The code for this is:

# DFBGN example: Solving a nonlinear system of equations
# Originally from:
# http://support.sas.com/documentation/cdl/en/imlug/66112/HTML/default/viewer.htm#imlug_genstatexpls_sect004.htm

from __future__ import print_function
from math import exp
import numpy as np
import dfbgn

# Want to solve:
#   x1 + x2 - x1*x2 + 2 = 0
#   x1 * exp(-x2) - 1   = 0
def nonlinear_system(x):
    return np.array([x[0] + x[1] - x[0]*x[1] + 2,
                     x[0] * exp(-x[1]) - 1.0])

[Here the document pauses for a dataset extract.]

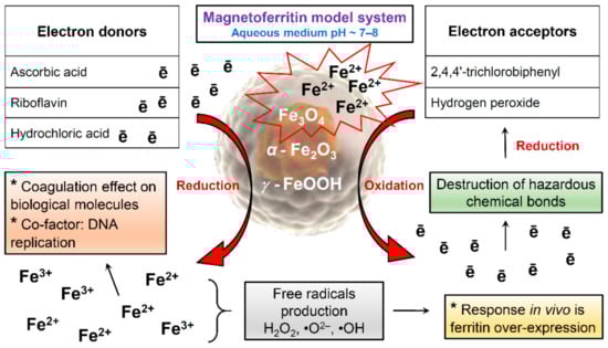 Our studies of samples obtained in vitro do not exclude the simultaneous presence of magnetite, hematite, and lepidocrocite in MFer samples. The iron core in the prepared MFer undergoes post-synthesis transformations associated with redox reactions in response to potential external effects of oxygen, changes in temperature or pH in the liquid state. This apparent lack of sensitivity causes the reactivity of MFer colloidal solutions, especially in interactions with other substances: vitamins [25], dangerous molecules such as polychlorinated biphenyls (PCBs) [49] or hydrogen peroxide (H2O2) [50], schematically illustrated in Figure 8.
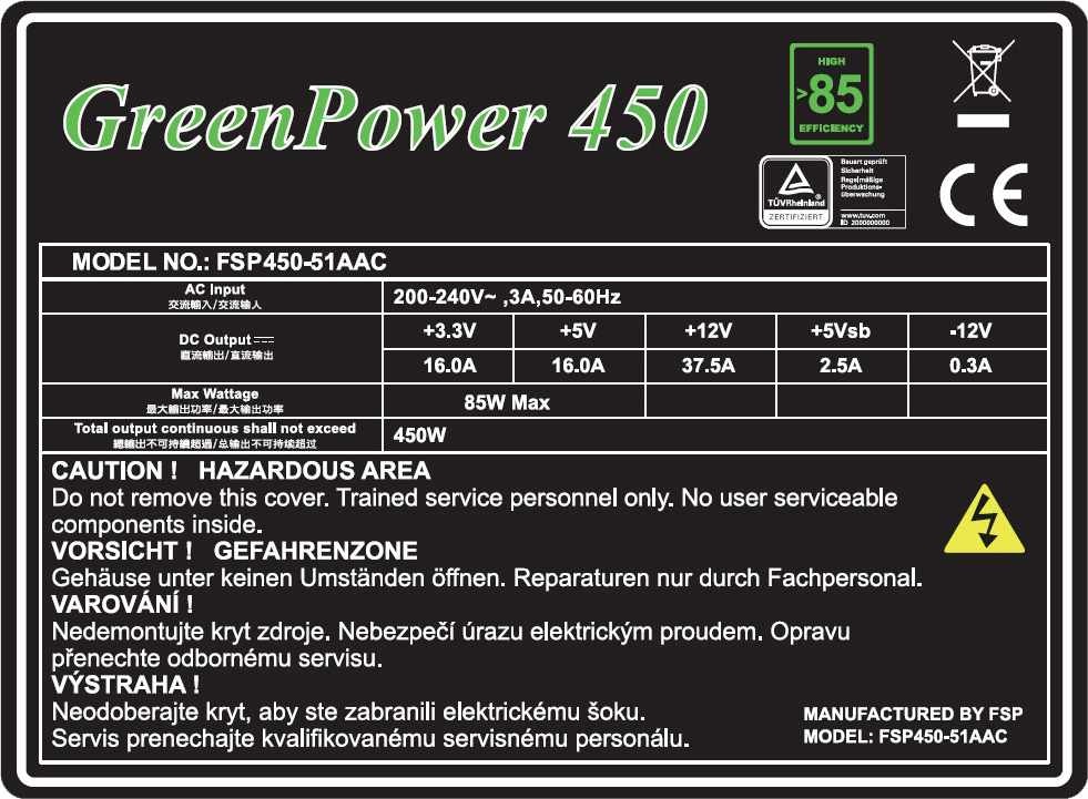 Napájecí zdroje ATX GreenPower 85+, jejichž výrobcem je renomovaná společnost Fortron FSP Group, jsou nejlepší alternativou v poměru vysoké kvality a ceny, jak pro vaše domácí a kancelářské použití, tak i pro herní PC. Svými dlouholetými zkušenostmi v oblasti výroby a znalostí technologií napájecích zdrojů vám poskytnou nejlepší řešení pro váš domov i kancelář. Spolehlivé, efektivní a cenově dostupné zdroje GreenPower 85+ jsou ideální volbou pro vaše PC.

# Warning: if there are multiple solutions, which one
#          DFBGN returns will likely depend on x0!
x0 = np.array([0.1, -2.0])

# DFBGN is a randomized algorithm - set random seed for reproducibility
np.random.seed(0)

# Call DFBGN
soln = dfbgn.solve(nonlinear_system, x0, fixed_block=2)

# Display output
print(soln)

The output of this is

****** DFBGN Results ******
Solution xmin = [ 0.09777311 -2.32510592]
Residual vector = [  2.38996951e-08   2.23316848e-07]
Objective value f(xmin) = 5.044160988e-14
Needed 18 objective evaluations
No approximate Jacobian available
Exit flag = 0
Success: Objective is sufficiently small
****************************

Here, we see that both entries of the residual vector are very small, so both equations have been solved to high accuracy.

References¶

CR2021: Coralia Cartis and Lindon Roberts, Scalable Subspace Methods for Derivative-Free Nonlinear Least-Squares Optimization, arXiv preprint arXiv:2102.12016, (2021).